● Records from a dataset:
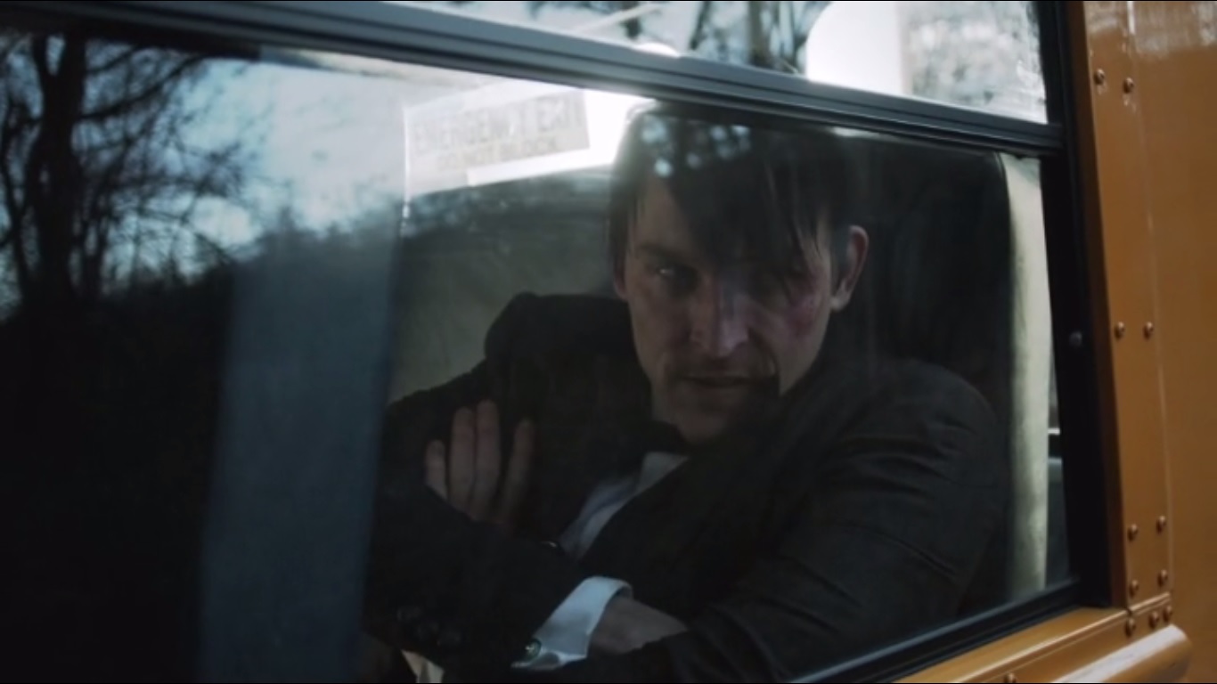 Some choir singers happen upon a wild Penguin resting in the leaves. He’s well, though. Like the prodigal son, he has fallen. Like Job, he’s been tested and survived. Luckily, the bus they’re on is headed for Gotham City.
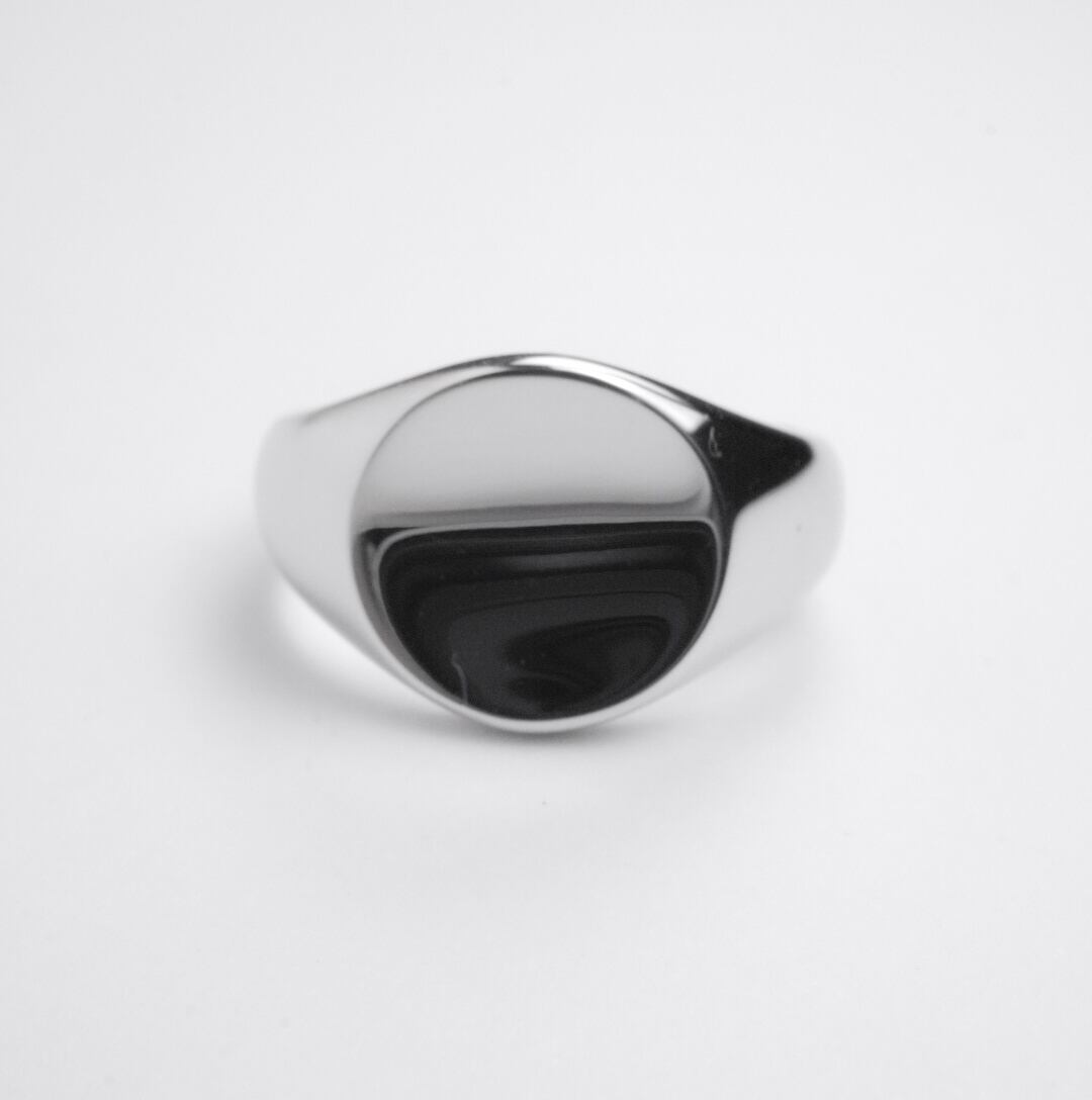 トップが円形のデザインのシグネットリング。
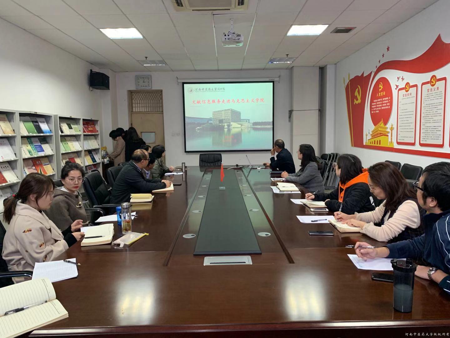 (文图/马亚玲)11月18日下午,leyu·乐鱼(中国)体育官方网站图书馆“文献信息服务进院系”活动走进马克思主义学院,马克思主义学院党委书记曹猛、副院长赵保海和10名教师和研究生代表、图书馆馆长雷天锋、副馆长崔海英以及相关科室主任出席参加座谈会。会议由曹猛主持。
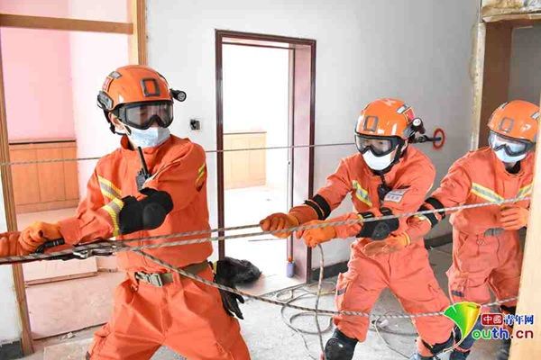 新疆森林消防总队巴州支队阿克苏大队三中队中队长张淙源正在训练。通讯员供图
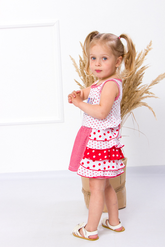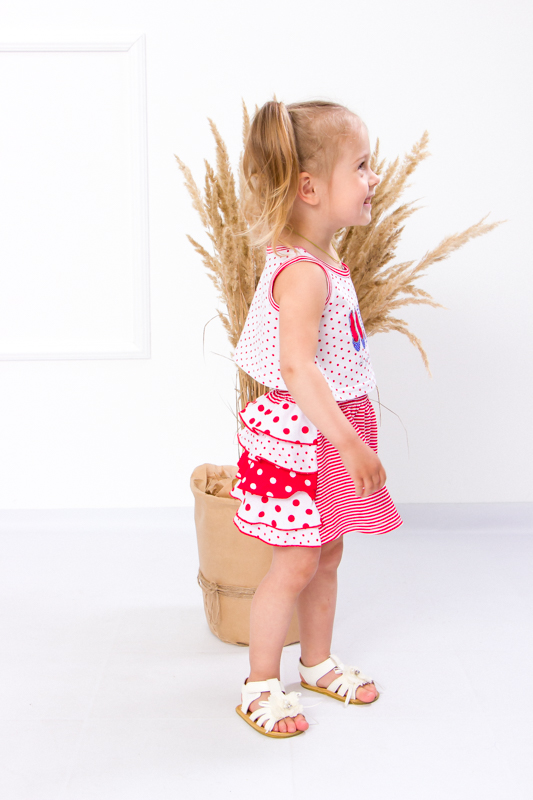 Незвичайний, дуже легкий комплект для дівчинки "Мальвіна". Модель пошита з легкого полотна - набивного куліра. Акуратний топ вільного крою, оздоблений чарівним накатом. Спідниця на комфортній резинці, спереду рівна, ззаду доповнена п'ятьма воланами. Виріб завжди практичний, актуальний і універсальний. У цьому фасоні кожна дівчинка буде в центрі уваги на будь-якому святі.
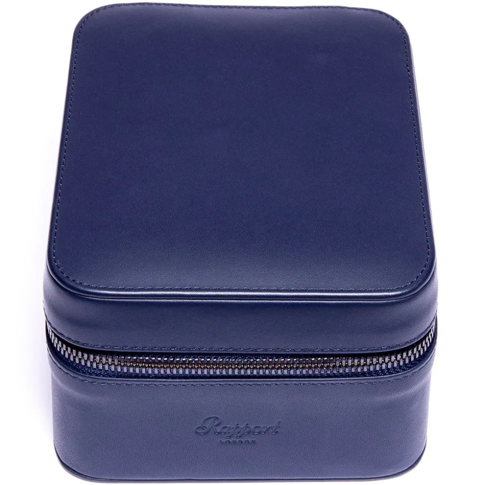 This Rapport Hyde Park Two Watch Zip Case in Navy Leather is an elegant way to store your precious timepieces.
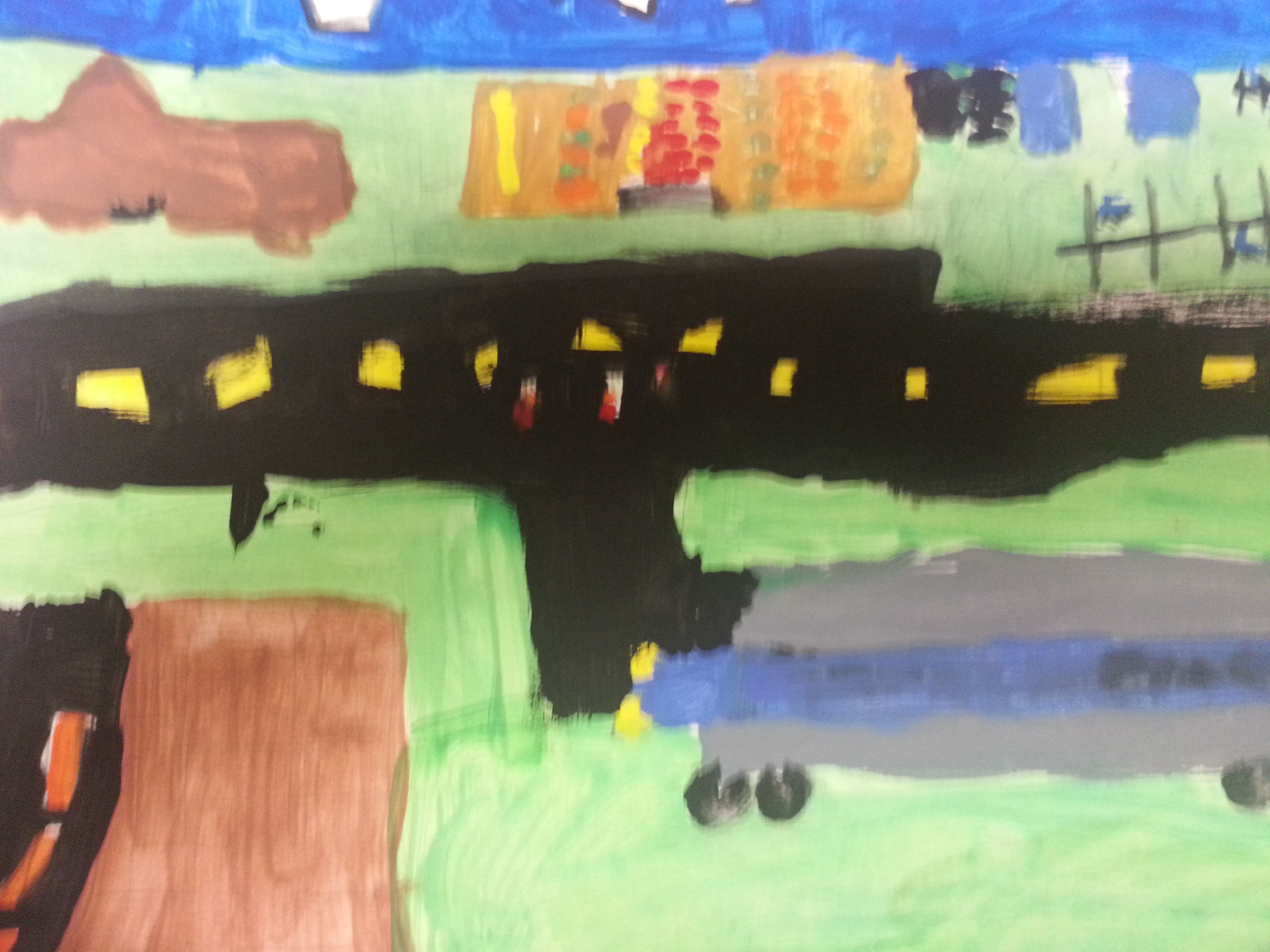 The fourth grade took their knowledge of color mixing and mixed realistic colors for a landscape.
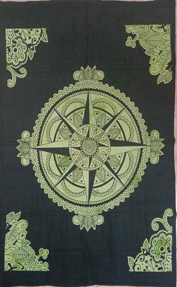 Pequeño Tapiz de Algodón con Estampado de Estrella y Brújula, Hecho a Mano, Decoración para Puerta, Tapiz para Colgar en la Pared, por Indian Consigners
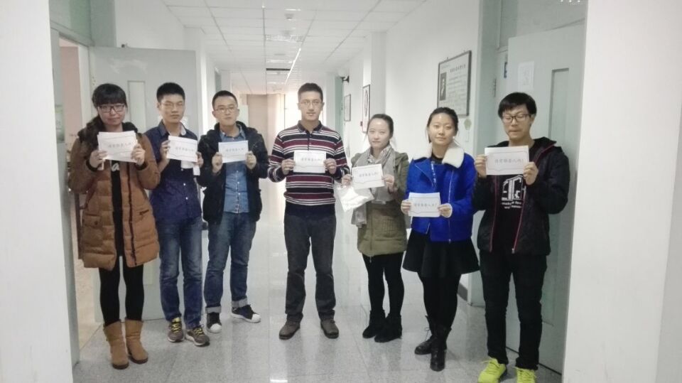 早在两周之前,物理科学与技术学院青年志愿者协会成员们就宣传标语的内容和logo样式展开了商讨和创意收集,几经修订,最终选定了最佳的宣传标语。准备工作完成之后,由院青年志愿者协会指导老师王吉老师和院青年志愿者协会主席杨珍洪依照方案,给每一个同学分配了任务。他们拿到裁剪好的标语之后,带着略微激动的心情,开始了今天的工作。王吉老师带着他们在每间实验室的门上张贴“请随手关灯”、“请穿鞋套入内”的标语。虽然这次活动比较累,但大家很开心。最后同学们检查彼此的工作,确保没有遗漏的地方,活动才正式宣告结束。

● Try it: Return the entries unchanged, save for the pictures, which do not belong in the copy.

● Answer to this problem:
 Some choir singers happen upon a wild Penguin resting in the leaves. He’s well, though. Like the prodigal son, he has fallen. Like Job, he’s been tested and survived. Luckily, the bus they’re on is headed for Gotham City.
 トップが円形のデザインのシグネットリング。
 (文图/马亚玲)11月18日下午,leyu·乐鱼(中国)体育官方网站图书馆“文献信息服务进院系”活动走进马克思主义学院,马克思主义学院党委书记曹猛、副院长赵保海和10名教师和研究生代表、图书馆馆长雷天锋、副馆长崔海英以及相关科室主任出席参加座谈会。会议由曹猛主持。
 新疆森林消防总队巴州支队阿克苏大队三中队中队长张淙源正在训练。通讯员供图
 Незвичайний, дуже легкий комплект для дівчинки "Мальвіна". Модель пошита з легкого полотна - набивного куліра. Акуратний топ вільного крою, оздоблений чарівним накатом. Спідниця на комфортній резинці, спереду рівна, ззаду доповнена п'ятьма воланами. Виріб завжди практичний, актуальний і універсальний. У цьому фасоні кожна дівчинка буде в центрі уваги на будь-якому святі.
 This Rapport Hyde Park Two Watch Zip Case in Navy Leather is an elegant way to store your precious timepieces.
 The fourth grade took their knowledge of color mixing and mixed realistic colors for a landscape.
 Pequeño Tapiz de Algodón con Estampado de Estrella y Brújula, Hecho a Mano, Decoración para Puerta, Tapiz para Colgar en la Pared, por Indian Consigners
 早在两周之前,物理科学与技术学院青年志愿者协会成员们就宣传标语的内容和logo样式展开了商讨和创意收集,几经修订,最终选定了最佳的宣传标语。准备工作完成之后,由院青年志愿者协会指导老师王吉老师和院青年志愿者协会主席杨珍洪依照方案,给每一个同学分配了任务。他们拿到裁剪好的标语之后,带着略微激动的心情,开始了今天的工作。王吉老师带着他们在每间实验室的门上张贴“请随手关灯”、“请穿鞋套入内”的标语。虽然这次活动比较累,但大家很开心。最后同学们检查彼此的工作,确保没有遗漏的地方,活动才正式宣告结束。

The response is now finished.